I agree with the out door use like planters, benches ,potting tables ect . I use lots of western red ceder when I build decks.


----------



## devann (Jan 11, 2011)

It's easy to work with and does hold up well as a1Jim mentioned. Here's a project that I used some leftover western red cedar to make. Hope it gives you some more ideas.
http://lumberjocks.com/projects/42304


----------



## Finn (May 26, 2010)

I have used western cedar to make small coin banks. 8" tall.


----------



## Elizabeth (Oct 17, 2009)

Thanks guys! I got the wood today, and it'll take a while to dry out but there are some gorgeous pieces in there. Also some firewood and some ants. Hopefully all of the ants have now been ejected outside the shop.

Here's a pic of about 3/4 of the load, stickered under the table saw for drying:


----------



## LeeBarker (Aug 6, 2010)

Western red cedar is wonderful outdoors, where it ages naturally to a beautiful silver color. Though initially the wood will be of several shades from nearly yellow-white to rusty red, it will all age to about the same silver-gray.

The grain is very understated.

It does not hold fasteners very well. It is soft and dents easily.

It machines well and rarely tears out.

Don't let the knots fool you. As soft as the rest of the board is, the knots are harder than a train robber's heart.

Yellow glue works but I am thinking that PU might be a better choice, judiciously used.

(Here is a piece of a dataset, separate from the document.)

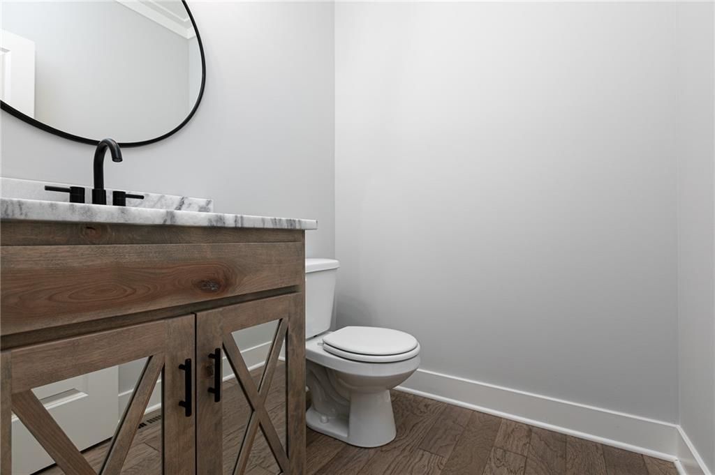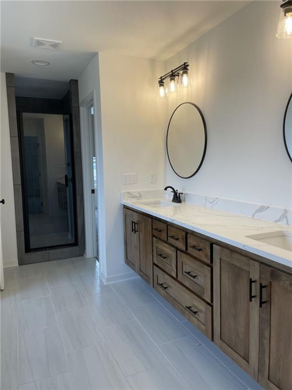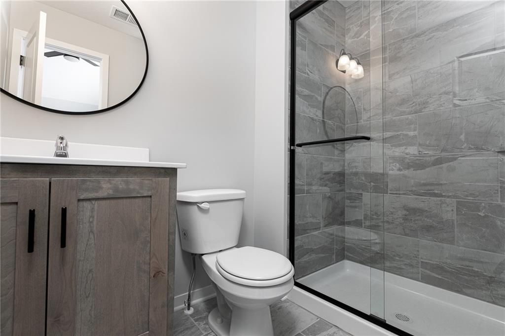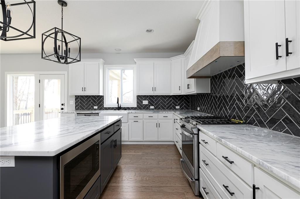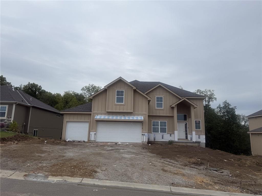 The ELM plan with that impressive two story entry! New Front elevation on this home with tin roof over the garage. Living Room with Fireplace and cabinets with floating shelving either side. Enclosed Office space or can be Formal Dining. Well appointed kitchen with custom cabinets, granite/quartz tops walk in pantry and additional butler pantry cabinets. Half Bath and drop zone off the garage entry. Carpet in the Office/Dining. Engineered wood or LVP in the remaining main floor areas. Carpet in the Bedrooms and high traffic carpet on stairs. Second level Master Suite with large tiled shower, free standing tub, XL walk in closet. Two bedrooms share a bath. Fourth Bedroom is a private bath suite. Covered deck and small patio included. This home backs up to treed HOA ground for great privacy. Interior Photos to show EXAMPLE of finish. Not all homes finished alike! Builder discretion on design changes. Can make all selections for limited time. Estimated completion date LATE OCTOBER 2025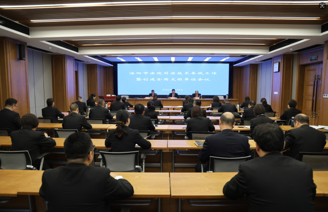 2026年4月16日上午洛阳法院召开司法技术条线会议。市中院党组成员、副院长王振中、基层法院主管司法技术条线主管院长、立案部门负责人、洛阳法院司法技术条线全体工作人员参会。

Congrats on your score. I think that's a great haul for a coupla tens.

Kindly,

Lee


----------



## DLCW (Feb 18, 2011)

Great wood for making outdoor signs.


----------



## shopdog (Nov 9, 2008)

That's a good stash for $20.
Cedar is pretty soft, so I'm not sure about making pens…although it works for pencils.
I agree about planters…I've made lots of cedar plant boxes.
It scrolls very easily, but little pieces will be easily broken off fretwork, or puzzles.
Yesterday, I made a corner cabinet for my bathroom using scrap 1×6 WRC.
Easy to work with, and smells good in the shop.


----------